B&C programming editor Michael Malone regularly drills down into what drives showrunners and how hits are made, while Washington Bureau Chief John Eggerton is among the most prolific of policy reporters. We asked them to name their favorite stories in a year marked by new faces, narratives and platforms in programming and perhaps one of the biggest regulatory overhauls ever undertaken by the FCC. Here are their picks, in chronological order, along with some perspective on why.
The Watchman: During Dog Days of TCA, ABC Comedy Is Downwardly Mobile
(Michael Malone, Jan. 16)
M.M.:I was particularly curious about the show Downward Dog, as ABC Entertainment Group president Channing Dungey basically said at ABC’s upfront that doing a show with a dog just does not work, yet she went ahead with it anyway. I also spent some time with various Downward Dog cast members during TCA, and appreciated their passion for the show. Yet the calculus of their TCA session—that a higher number of cast member laughs on stage means a shorter lifespan for the show—ultimately proved true.
Littlefield Boots Up New Batch of 'Fargo'
(Michael Malone, Jan. 23)
M.M.:I’m so curious about what goes into a hit show. A million things have to line up for a show to take off. How do you get them to line up? Littlefield is a legend in the industry, and had sought to bring Fargo to TV for decades. I was very interested to sit with him and dig into how he crafted a show that a lot of people really, truly love.
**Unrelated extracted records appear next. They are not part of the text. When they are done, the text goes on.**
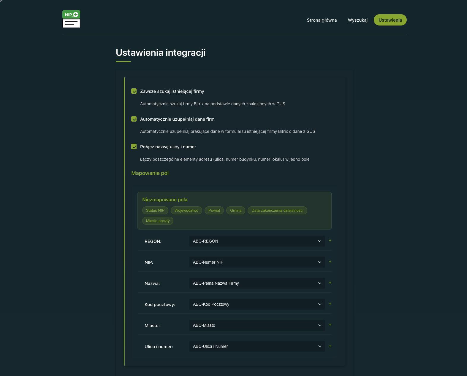 Ta całkowicie darmowa aplikacja integruje Bitrix24 z polską bazą danych Głównego Urzędu Statystycznego (GUS), umożliwiając użytkownikom wyszukiwanie rekordów firm, porównywanie ich z istniejącymi danymi Bitrix24 i łatwą aktualizację informacji o firmie. Obsługuje ręczne wyszukiwanie z głównego panelu aplikacji, automatyczne dopasowywanie z karty firmy i zawiera niestandardową aktywność przepływu pracy do wykorzystania w automatyzacji Bitrix24 CRM.
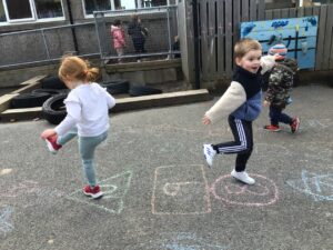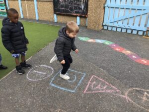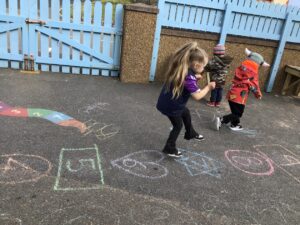 To encourage hopping activities staff began to draw shapes with ascending numbers on the ground outdoors. Staff drew shapes and numbers up to 10 and some children decided to continue this by adding bigger numbers on the end, “11, 12, 13”! Some children copied the numbers and shapes alongside the originals. Staff modelled hopping from one shape/number to another on one foot.
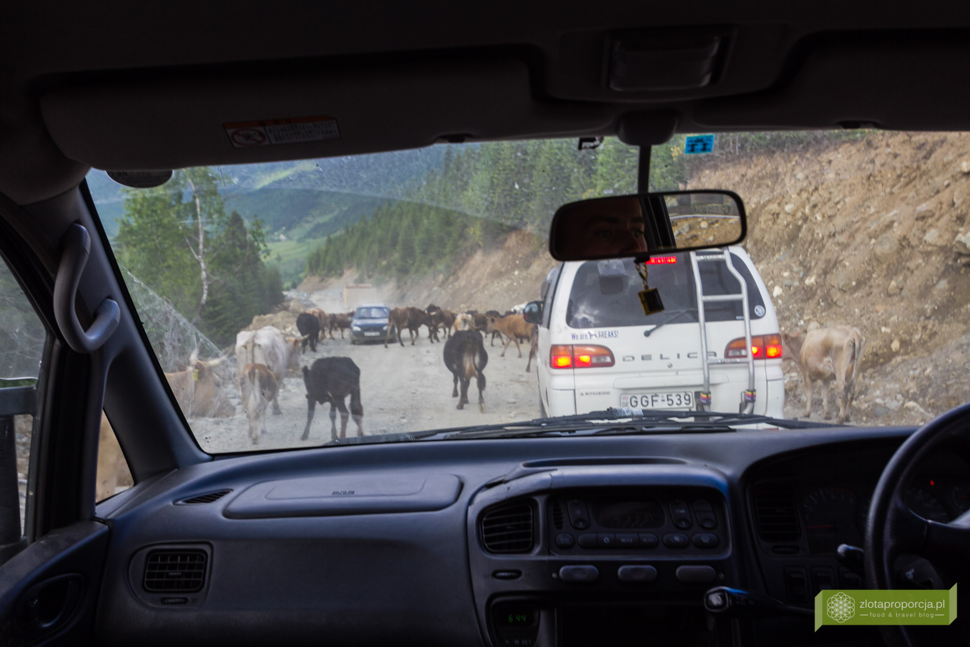 Z Mestii do Uszguli jest zaledwie 45 km, ale podróż samochodem z napędem na cztery koła trwa trzy godziny i nie należy do najprzyjemniejszych. Ostry skręt w prawo, w lewo, pionowy podjazd, mnóstwo dziur, strumienie i stada krów wdzierające się na drogę – żołądek i błędnik muszą być przygotowane na wszystko.
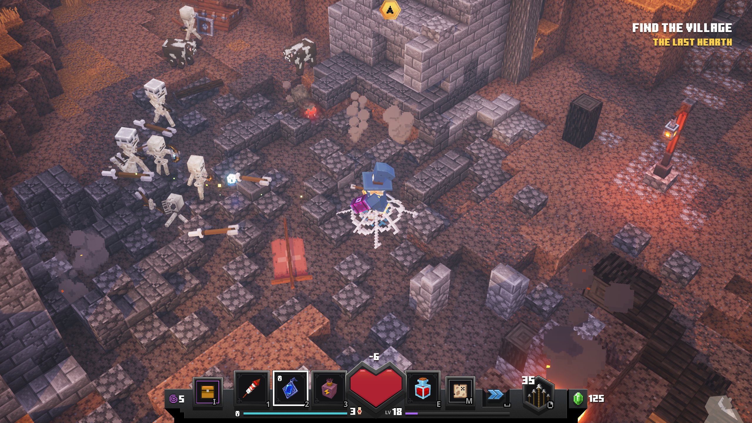 As with its parent game, there’s a wilful simplicity to Dungeons that makes it instantly likeable. Pick up a consumable and it’s automatically used, while your standard health potion is tied to a cooldown, freeing you from fiddly inventory management or rows of hotkeys. Even when an objective asks you to find the exit, your next step is clearly marked. Just like the footsoldiers in the Arch-illager’s zombie army, you can leave your brain at the door.
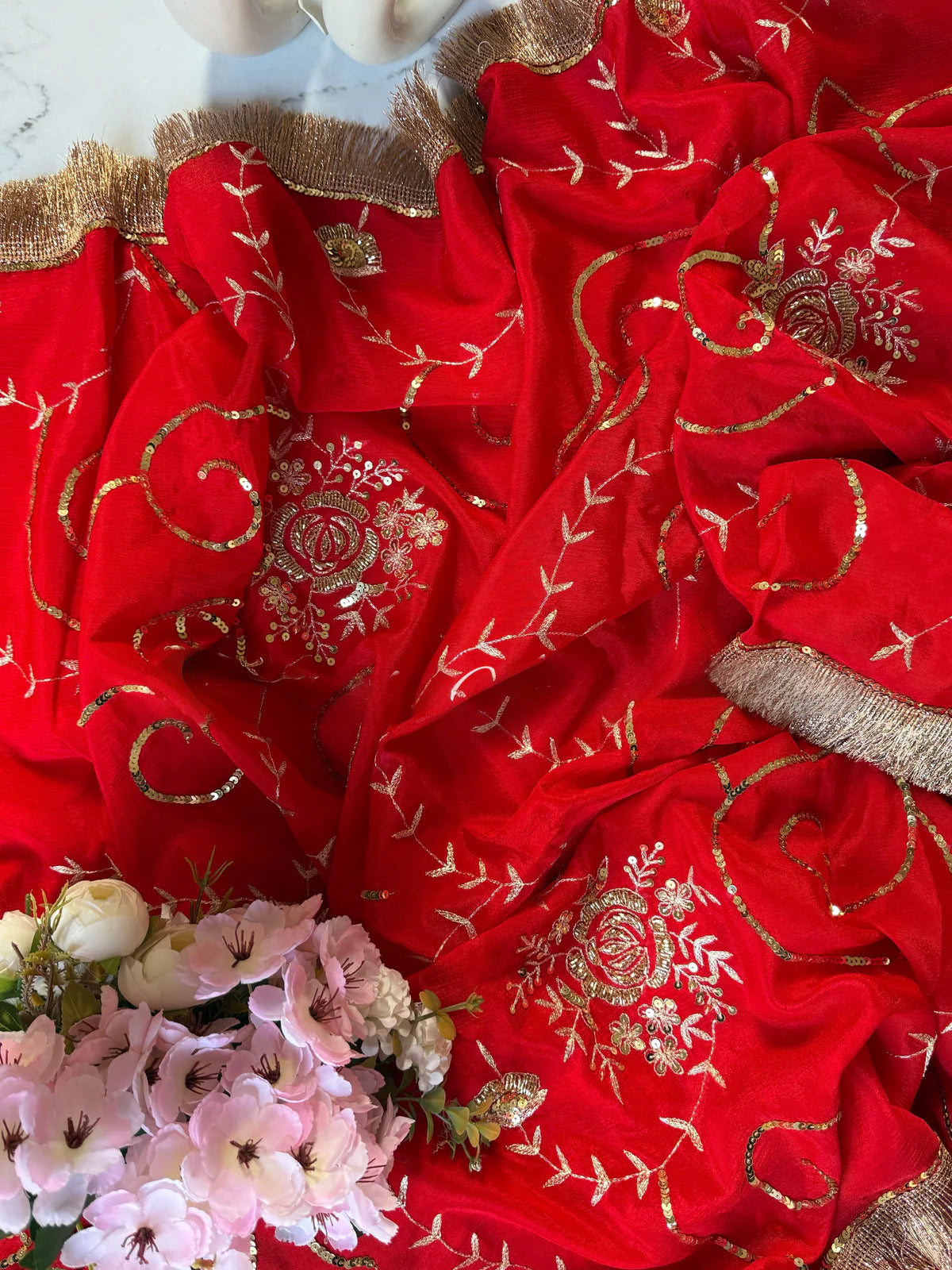 Elevate your style with our Hand Embroidered aari work Chiffon saree. Crafted with intricate hand embroidery, this saree is a timeless piece of art. Made with high-quality chiffon, it offers both elegance and comfort. Perfect for any occasion, this saree is a must-have addition to your wardrobe.

Sources: Pai Teeing Up Media Ownership Order
(John Eggerton, Aug. 11)
J.E.:I got a beat on FCC chair Ajit Pai's proposal to revamp broadcast ownership regulations and was able to be first with the news he was preparing the order for circulation and that it would eliminate crossownership rules and the absolute prohibition on owning two top-four stations in a market, the latter of which has implications for the Sinclair-Tribune merger proposal.
Peter Farrelly Says There’s Something About TV
(Michael Malone, Oct. 16)
M.M.:I’m a fan of Farrelly's films, and loved his book The Comedy Writer. He was so down on television when he came to Hollywood, yet ultimately found TV to be the place where you can take a complex character and go deep with him and explore some fun, offbeat storylines.